Briefly, in each family the sequences were edited to isolate the catalytic domains to avoid interference from the presence or absence of additional modules. The catalytic domains were then subject to a multiple sequence alignment using MUSCLE  and a distance matrix was created using the BLOSUM62  substitution model. The distance matrix was then used as the input for an automatic analysis based on the SECATOR algorithm , which proposes the breakdown of the family into a number of subfamilies, based on a reconstructed phylogenetic tree. The robustness of the subfamilies was tested by a resampling approach whereby a proportion of the sequences were randomly removed from the sample. The clustering procedure was iterated typically 10000 times with random variations of the parameters of the automatic partitioning algorithm. The percentage of sequences removed from the sample was also picked randomly from 5 to 30% at each iteration. Sequences found in the same cluster over 80% of the time were assigned to the same subfamily. Finally, only subfamilies containing more than five members were retained in order to define significant subfamilies. Unassigned sequences will be subjected to a new round of analysis as more sequences become available.
RESULTS AND DISCUSSION
Modular structure of PLs
Carbohydrate-active enzymes are frequently composed of a modular structure, in which a catalytic module carries one or more ancillary modules . PLs are no exception and there is a large variety of multi-modular PLs (Figure 3). Perhaps the most common situation is the occurrence of one or more CBMs in tandem with the catalytic PL module. However, other arrangements have been observed, such as the addition of domains that promote binding to other macromolecules, including SLH (S-layer homology) domains for cell attachment  or dockerin modules for cellulosome assembly . Some PLs may even be arranged with an additional PL module or a complementary CE (carbohydrate esterase) module, as well as domains whose function is presently unknown (termed ‘X’ modules; Figure 3). The number of possible combinations of domains is in principle unlimited, and their presence poses a specific challenge for sequence-based family grouping and annotation. Whole genome annotations are particularly prone to false identification (and subsequent misleading functional annotation) due to spurious hits on ancillary modules common to two distinct proteins. Consequently, a systematic excision of the ancillary modules was performed prior to all sequence alignments of PLs, and indeed this approach is the principal modus operandi of the CAZy classification [19,32].
Families and folds
In April 1999 there were approx. 100 PL sequences arranged in nine families . Since then, the number of PL sequences has increased approx. 20-fold, essentially due to whole genome-sequencing projects. Thanks to the biochemical characterization of many novel PLs, the number of PL families has progressively grown over the years to reach 21 in 2010. The corresponding 11 years of structural biology have vastly expanded knowledge of the three-dimensional structures of PLs (for a thorough review on three-dimensional structure–function relationships of PLs, see ), whereas only one of the initial nine families of PLs had a structural representative in 1999, the fold of only two (PL12 and PL17) out of the 21 current PL families remain to be determined (Figure 4).
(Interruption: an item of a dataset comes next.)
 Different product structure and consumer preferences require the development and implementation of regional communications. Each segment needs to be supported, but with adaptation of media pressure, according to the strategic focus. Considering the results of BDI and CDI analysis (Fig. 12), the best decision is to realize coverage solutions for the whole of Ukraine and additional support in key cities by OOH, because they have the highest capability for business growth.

PLs show a large variety of fold types, ranging from β-helices to α/α barrels (Figure 4). The abundance of PL folds indicates that PLs have been invented more than once during evolution, from totally different scaffolds. The most extreme example of the convergent evolution of PLs is perhaps with PL1 and PL10 pectate lyases, in which the different folds carry an identically poised catalytic machinery that performs the same reaction on the same substrate . The plasticity of the active site of PLs to accommodate a variety of substrates is reminiscent of that of GHs . Interestingly most of the PL folds are also found in GH families, an indication of possible common evolutionary origins between the two enzyme classes.
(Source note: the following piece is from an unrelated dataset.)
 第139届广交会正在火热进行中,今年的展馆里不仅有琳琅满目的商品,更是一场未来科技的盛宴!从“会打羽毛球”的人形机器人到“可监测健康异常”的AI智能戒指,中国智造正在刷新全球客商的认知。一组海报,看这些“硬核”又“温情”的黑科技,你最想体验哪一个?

In addition to being well-characterized at the three-dimensional level, examination of the CAZy database (http://www.cazy.org) shows that more than 10% of the PLs in the database have been biochemically (kinetically) characterized, which is the highest proportion among all of the classes of carbohydrate-active enzymes described in CAZy [GHs, GTs (glycosyltransferases), PLs and CEs]. This wealth of biochemical data indicates that most PL families group enzymes with diverse substrate specificities (Table 1). This situation has been previously observed for other CAZyme classes, especially the GHs  and GTs . One probable explanation for this phenomenon is that the number of available protein folds is considerably smaller than the number of carbohydrate structures and hence nature has adventitiously tuned existing scaffolds for exquisite substrate specificity.
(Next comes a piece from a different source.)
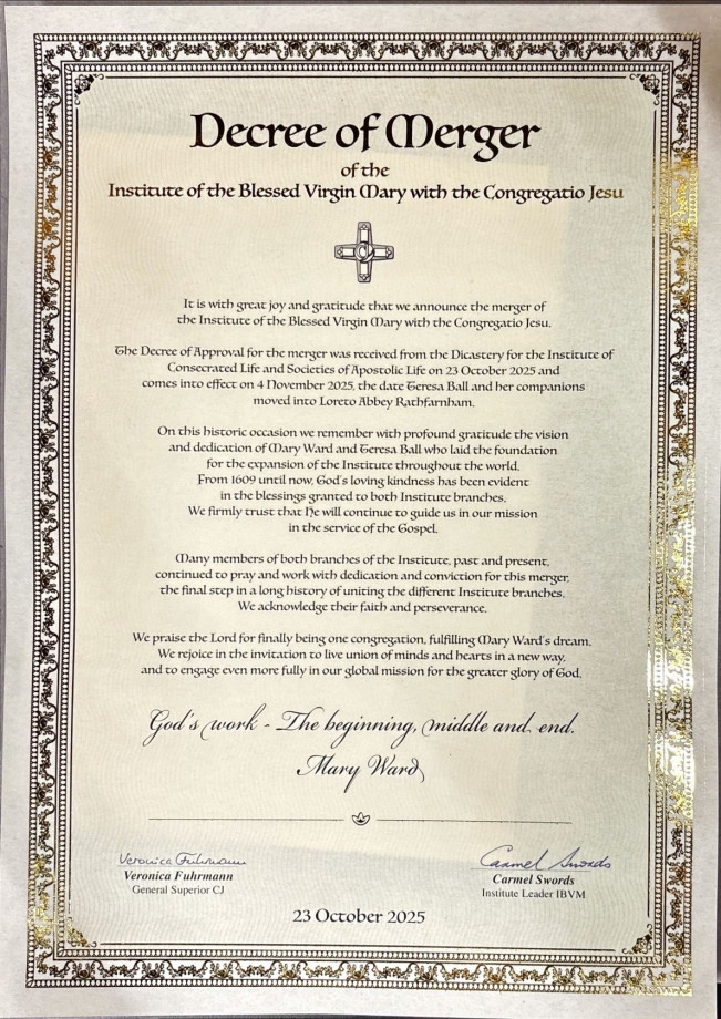 A Ward Mária Intézet két ága november 4-én ünnepélyes keretek között hivatalosan és jogilag is eggyé vált. A Loreto nővérek (IBVM) és az angolkisasszonyok (CJ) együtt alakítják jövőjüket Congregatio Jesu néven.

Less immediately apparent, however, are the structural similarities among the various substrates processed by individual family members. As an example, family PL8 can be considered polyspecific, as it groups together three different enzyme activities: hyaluronate lyase (EC 184.108.40.206), xanthan lyase (EC 220.127.116.11) and chondroitin AC lyase (EC 18.104.22.168). Here, the common names of these polysaccharides belie the fact that these three types of enzymes act at the same position on the same sugar, i.e. they cleave the C-O bond at position 4 of unsubstituted glucuronic acid in the backbone (Figure 5). What differentiates the three substrates is the substituent attached to the 4-oxygen of the glucuronic acid, a situation similar to, for instance, GHs that exhibit aglycone specificity . The three enzymes therefore can, and in the case of PL8 do, utilize an identical catalytic machinery to cleave their respective substrates.
The functional prediction (i.e. substrate specificity) of thousands of putative carbohydrate-active enzymes derived from genome data is highly desirable, but requires a direct unequivocal relationship between sequence groupings and substrate specificity. Because the sequence-based families of PLs generally do not correlate with the fine substrate specificity, as described above, we have examined the definition of subfamilies to assess whether functional grouping and prediction could be improved. A similar approach was previously applied to the large polyspecific GH13 family of α-amylase-related enzymes, in which most of the sequence-derived subfamilies were indeed found to correspond to a single enzyme activity .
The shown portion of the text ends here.